=== REQUIREMENT ===
Leaving out every picture, copy the lines of the material below exactly, from the line containing "综上所述,本文报道了1例心脏" through the line containing "body of water".

=== EXERCISE MATERIAL ===
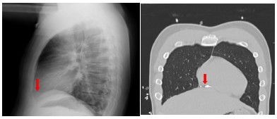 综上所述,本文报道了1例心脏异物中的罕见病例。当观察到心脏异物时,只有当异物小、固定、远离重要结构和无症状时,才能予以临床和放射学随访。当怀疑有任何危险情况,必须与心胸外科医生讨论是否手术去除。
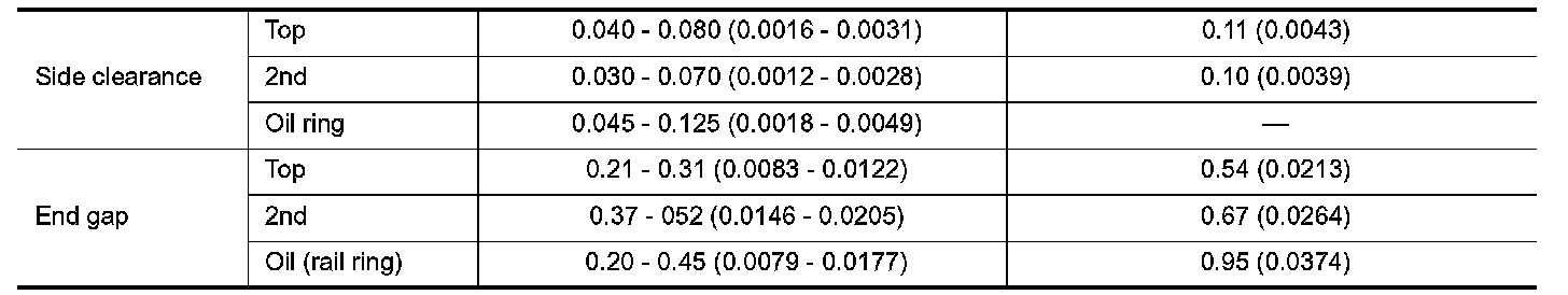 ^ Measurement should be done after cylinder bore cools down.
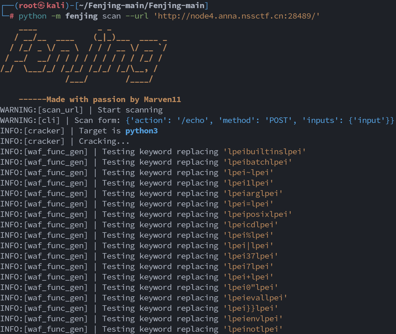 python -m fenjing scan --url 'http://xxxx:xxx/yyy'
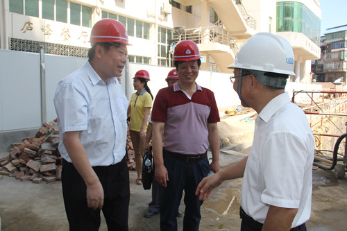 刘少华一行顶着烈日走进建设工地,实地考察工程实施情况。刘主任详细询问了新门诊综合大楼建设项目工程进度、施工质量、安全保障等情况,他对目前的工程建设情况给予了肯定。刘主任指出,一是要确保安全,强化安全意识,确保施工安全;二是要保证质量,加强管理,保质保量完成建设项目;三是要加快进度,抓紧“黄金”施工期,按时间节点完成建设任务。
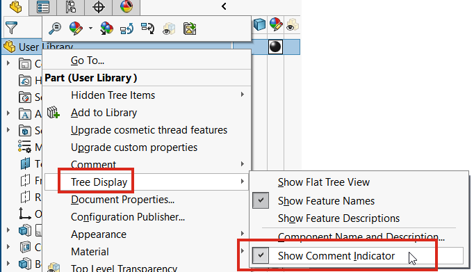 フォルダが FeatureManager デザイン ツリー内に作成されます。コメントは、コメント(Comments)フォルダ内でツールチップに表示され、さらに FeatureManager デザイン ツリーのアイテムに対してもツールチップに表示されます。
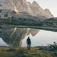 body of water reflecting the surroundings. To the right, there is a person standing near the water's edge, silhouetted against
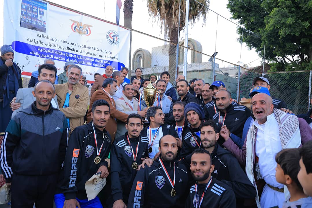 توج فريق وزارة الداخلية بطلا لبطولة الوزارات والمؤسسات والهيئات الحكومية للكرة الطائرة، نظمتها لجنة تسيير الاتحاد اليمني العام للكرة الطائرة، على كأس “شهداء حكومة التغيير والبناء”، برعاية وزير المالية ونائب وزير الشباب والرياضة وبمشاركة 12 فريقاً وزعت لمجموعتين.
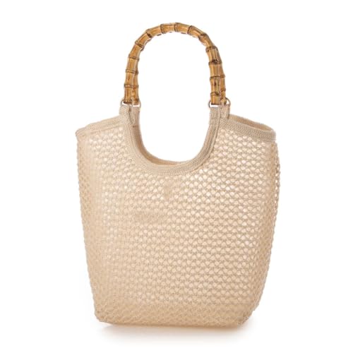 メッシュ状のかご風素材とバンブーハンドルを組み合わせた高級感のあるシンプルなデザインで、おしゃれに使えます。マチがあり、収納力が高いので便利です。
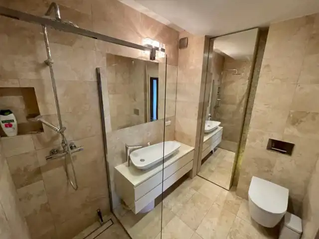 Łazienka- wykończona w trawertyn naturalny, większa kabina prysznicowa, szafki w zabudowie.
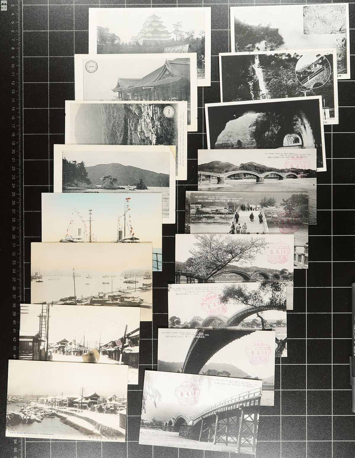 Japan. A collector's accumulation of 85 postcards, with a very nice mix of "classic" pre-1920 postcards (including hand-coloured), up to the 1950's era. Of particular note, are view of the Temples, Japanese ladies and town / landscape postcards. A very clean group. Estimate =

--

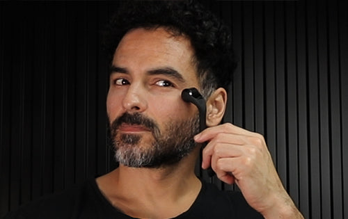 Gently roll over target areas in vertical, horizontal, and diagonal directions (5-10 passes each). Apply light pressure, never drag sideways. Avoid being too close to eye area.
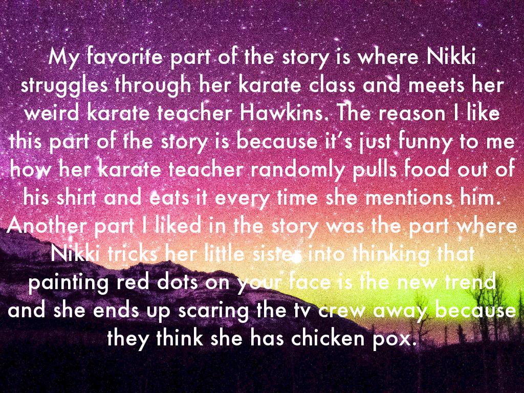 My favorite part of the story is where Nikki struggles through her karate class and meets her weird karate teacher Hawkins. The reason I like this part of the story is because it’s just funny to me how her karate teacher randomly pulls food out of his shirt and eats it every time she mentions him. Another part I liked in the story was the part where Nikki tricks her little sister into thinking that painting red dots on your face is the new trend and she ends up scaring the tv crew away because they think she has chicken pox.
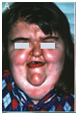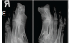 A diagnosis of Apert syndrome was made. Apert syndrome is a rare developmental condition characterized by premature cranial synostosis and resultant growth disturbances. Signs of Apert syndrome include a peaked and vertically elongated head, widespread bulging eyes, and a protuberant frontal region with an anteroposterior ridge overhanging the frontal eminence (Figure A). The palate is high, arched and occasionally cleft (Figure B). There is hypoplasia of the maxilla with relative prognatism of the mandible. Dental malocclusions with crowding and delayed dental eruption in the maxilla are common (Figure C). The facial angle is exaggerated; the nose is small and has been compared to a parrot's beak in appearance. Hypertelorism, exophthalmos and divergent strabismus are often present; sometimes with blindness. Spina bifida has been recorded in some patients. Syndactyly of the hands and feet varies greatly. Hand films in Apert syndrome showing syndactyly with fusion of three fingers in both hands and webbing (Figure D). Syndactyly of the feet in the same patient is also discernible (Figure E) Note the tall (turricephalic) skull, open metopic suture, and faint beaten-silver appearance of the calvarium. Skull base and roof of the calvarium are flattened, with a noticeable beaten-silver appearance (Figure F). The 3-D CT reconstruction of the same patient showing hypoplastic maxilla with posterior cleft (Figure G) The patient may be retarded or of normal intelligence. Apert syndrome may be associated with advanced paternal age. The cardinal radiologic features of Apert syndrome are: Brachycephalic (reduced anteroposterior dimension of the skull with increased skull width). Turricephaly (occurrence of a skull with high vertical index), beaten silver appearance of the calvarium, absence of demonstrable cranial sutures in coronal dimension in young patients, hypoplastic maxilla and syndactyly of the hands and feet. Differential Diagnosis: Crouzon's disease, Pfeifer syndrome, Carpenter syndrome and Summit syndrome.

=== TASK RESPONSE ===
 综上所述,本文报道了1例心脏异物中的罕见病例。当观察到心脏异物时,只有当异物小、固定、远离重要结构和无症状时,才能予以临床和放射学随访。当怀疑有任何危险情况,必须与心胸外科医生讨论是否手术去除。
 ^ Measurement should be done after cylinder bore cools down.
 python -m fenjing scan --url 'http://xxxx:xxx/yyy'
 刘少华一行顶着烈日走进建设工地,实地考察工程实施情况。刘主任详细询问了新门诊综合大楼建设项目工程进度、施工质量、安全保障等情况,他对目前的工程建设情况给予了肯定。刘主任指出,一是要确保安全,强化安全意识,确保施工安全;二是要保证质量,加强管理,保质保量完成建设项目;三是要加快进度,抓紧“黄金”施工期,按时间节点完成建设任务。
 フォルダが FeatureManager デザイン ツリー内に作成されます。コメントは、コメント(Comments)フォルダ内でツールチップに表示され、さらに FeatureManager デザイン ツリーのアイテムに対してもツールチップに表示されます。
 body of water reflecting the surroundings. To the right, there is a person standing near the water's edge, silhouetted against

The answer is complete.